Француз смотрит на меня сердито.
– Он чудесен, – отвечает она. – Я просто не могу ничего писать. Простите.
Перед тем, как одеться, француз настаивает, чтобы ему показали картину Генриетты. Его глаза широко раскрываются от изумления, и он смотрит на Генриетту. Она отвечает ему безразличным взглядом. Он снова смотрит на картину. Я вижу, что он умирает от желания сказать что-нибудь вроде «вам следует брать уроки» или «вы просто плохая художница». Но он лишь бросает на нее еще один взгляд, слегка приподнимает брови, переводит взгляд на меня, хмурится, отворачивается и, вытянув шею, как курица, отправляется в ванную одеваться.
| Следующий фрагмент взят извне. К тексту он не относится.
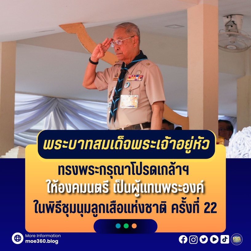 “การจัดงานชุมนุมลูกเสือแห่งชาติ ครั้งที่ 22 ปีนี้ เป็นโอกาสสำคัญที่กระทรวงศึกษาธิการและชาวลูกเสือไทยร่วมแสดงความจงรักภักดี และน้อมรำลึกในพระมหากรุณาธิคุณของพระบาทสมเด็จพระมงกุฎเกล้าเจ้าอยู่หัว “พระบิดาแห่งการลูกเสือไทย” ผู้ทรงสถาปนากิจการลูกเสือไทยตั้งแต่ปี พ.ศ. 2454 พระองค์ทรงเล็งเห็นคุณค่าการเรียนรู้นอกห้องเรียน และหลักสูตรลูกเสือที่ปลูกฝังระเบียบวินัย ความรักชาติ ความสามัคคี และจิตอาสา พร้อมทั้งทรงวางรากฐานกิจการลูกเสือไทย ทั้งการจัดตั้งกองลูกเสือ การพัฒนาหลักสูตร การฝึกผู้นำ และการขยายเครือข่ายทั่วประเทศ ด้วยพระราชวิสัยทัศน์อันกว้างไกล กิจการลูกเสือไทยจึงเติบโตอย่างมั่นคง เป็นที่ยอมรับในระดับนานาชาติ และยังคงเป็นพลังสำคัญในการบ่มเพาะเยาวชนให้เป็นพลเมืองดีและร่วมพัฒนาชาติสืบไป”

Если бы только он мог увидеть одну из прежних картин Генриетты, то восхитился бы ее мастерством.
Мы платим ему и отвозим обратно в город.
Вы, должно быть, почувствовали, что моя мать несколько притихла в эти дни. Я не рассказываю никаких историй об ее экстравагантном поведении. Это потому, что нечего рассказывать. Она еще не стала собой прежней – той, что была в Диснейленде. Но я должен признать, что не имею ничего против. В новом виде она очень приятна. По крайней мере пока. И ведет себя подобающим образом.
Генриетта одевается теперь каждый день в мужскую одежду. Надевает пиджак и брюки, рубашку, очень официальный галстук, мужские туфли и носки на резинках.
– Мужская одежда очень много значила для Сары, – поясняет она.
– Она много для нее значила только потому, что вы исключили одежду из ваших картин, – говорю я.
– Это совершенно неважно. Она любила мужскую одежду и рисовала ее, и только это имеет значение.
Теперь Генриетта не так уж часто плачет – просто сидит неподвижно, словно погрузившись в свои мысли. Я спрашиваю, что она делает.
Она отвечает:
– Я пытаюсь понять, почему умерла Сара. Я уверена, что есть какое-то объяснение.
– О каком именно объяснении вы говорите? Вы имеете в виду духовное?
– Наверно, нет.
– Тогда сверхъестественное, или магическое, или астрологическое?
– Нет, вовсе нет.
– Научное?
– Вероятно.
– Но мы же знаем научную причину.
– Нет, это была медицинская причина.
– Ну тогда о какого рода научном объяснении вы говорите?
– Неизвестном.
– Например?
– Я не знаю. Оно неизвестно.
– Я имею в виду – какая область науки?
– Это могла быть любая область, хотя мне кажется, что это, вероятно, что-то связанное с пространством, и жизнью, и разумом.
– Жизнь в смысле «жизнь на других планетах»? – пытаюсь я ее позабавить.
Она смотрит на меня – мои слова ее не позабавили, но и не обидели, как я того опасался.
– Нет, вовсе нет, – произносит она безмятежно.
Генриетта хочет вернуться – она говорит, что не чувствует себя лучше у моей матери. Я полагаю, что ей не стоит так быстро сдаваться. Мы провели здесь всего неделю. Я чувствую себя совершенно бессильным, и это ужасно. Если что и могло бы ей помочь, то только живопись. Это было самым лучшим шансом для нее. Как только эта мысль приходит мне в голову, я понимаю, что лгу. Я недостаточно для нее сделал.
И тут у меня зарождается идея. Она совсем крошечная и бессознательная, потому что я тут же ее подавляю. Но она не исчезает и продолжает меня точить: я мог бы предложить ей себя. Это самое лучшее, что я мог бы сделать. Вероятно, она бы не согласилась, но важен жест. Но потом я говорю себе: Джереми, твое тело не пирог. Его не предлагают из вежливости. И ты не сигарета и не можешь ожидать, что она скажет: «Нет, благодарю, я не курю», или «Да, большое спасибо».